- [Exercise aim] Everything in the data below is left aside except the lines from the one containing "이어 손담비는 유모차에서" through the one containing "2021 BONN Volunteer"; repeat those exactly.

•••

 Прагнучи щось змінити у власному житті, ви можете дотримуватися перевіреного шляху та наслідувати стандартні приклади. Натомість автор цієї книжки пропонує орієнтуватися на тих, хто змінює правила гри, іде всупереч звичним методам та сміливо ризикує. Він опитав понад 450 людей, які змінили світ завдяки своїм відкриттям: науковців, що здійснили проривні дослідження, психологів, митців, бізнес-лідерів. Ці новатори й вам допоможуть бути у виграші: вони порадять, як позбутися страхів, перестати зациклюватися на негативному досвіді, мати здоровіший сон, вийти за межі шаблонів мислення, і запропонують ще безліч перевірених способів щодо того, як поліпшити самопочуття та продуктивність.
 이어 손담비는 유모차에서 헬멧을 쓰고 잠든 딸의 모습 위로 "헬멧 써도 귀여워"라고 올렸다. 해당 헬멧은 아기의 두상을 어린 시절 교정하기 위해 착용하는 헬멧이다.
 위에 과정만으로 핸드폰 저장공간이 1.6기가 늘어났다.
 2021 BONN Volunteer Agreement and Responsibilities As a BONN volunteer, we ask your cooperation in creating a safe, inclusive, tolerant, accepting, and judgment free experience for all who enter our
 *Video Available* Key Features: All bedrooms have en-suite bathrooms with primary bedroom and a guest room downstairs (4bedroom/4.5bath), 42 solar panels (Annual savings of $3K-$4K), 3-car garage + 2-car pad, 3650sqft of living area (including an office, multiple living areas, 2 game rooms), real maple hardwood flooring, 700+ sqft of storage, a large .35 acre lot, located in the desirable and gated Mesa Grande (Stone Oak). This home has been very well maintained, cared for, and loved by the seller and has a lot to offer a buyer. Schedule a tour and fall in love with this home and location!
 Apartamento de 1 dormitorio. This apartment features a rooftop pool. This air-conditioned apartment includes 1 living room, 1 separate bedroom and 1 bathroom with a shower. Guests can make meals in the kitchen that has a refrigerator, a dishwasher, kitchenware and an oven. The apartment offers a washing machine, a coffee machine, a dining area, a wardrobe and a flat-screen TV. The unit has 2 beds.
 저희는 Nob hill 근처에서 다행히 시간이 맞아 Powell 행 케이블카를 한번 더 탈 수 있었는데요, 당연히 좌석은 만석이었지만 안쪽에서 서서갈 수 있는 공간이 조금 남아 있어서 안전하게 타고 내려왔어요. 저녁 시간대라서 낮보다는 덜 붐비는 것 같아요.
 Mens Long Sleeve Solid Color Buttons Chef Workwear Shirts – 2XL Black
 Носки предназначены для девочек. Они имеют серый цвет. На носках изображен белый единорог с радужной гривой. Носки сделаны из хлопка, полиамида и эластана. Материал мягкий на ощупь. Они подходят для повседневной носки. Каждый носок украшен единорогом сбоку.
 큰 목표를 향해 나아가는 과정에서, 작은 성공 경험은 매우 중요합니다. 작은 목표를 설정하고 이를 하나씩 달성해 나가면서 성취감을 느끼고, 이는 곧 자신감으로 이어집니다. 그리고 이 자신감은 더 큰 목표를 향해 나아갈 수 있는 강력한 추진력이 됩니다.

•••

- [Problem solution]
 이어 손담비는 유모차에서 헬멧을 쓰고 잠든 딸의 모습 위로 "헬멧 써도 귀여워"라고 올렸다. 해당 헬멧은 아기의 두상을 어린 시절 교정하기 위해 착용하는 헬멧이다.
 위에 과정만으로 핸드폰 저장공간이 1.6기가 늘어났다.
 2021 BONN Volunteer Agreement and Responsibilities As a BONN volunteer, we ask your cooperation in creating a safe, inclusive, tolerant, accepting, and judgment free experience for all who enter our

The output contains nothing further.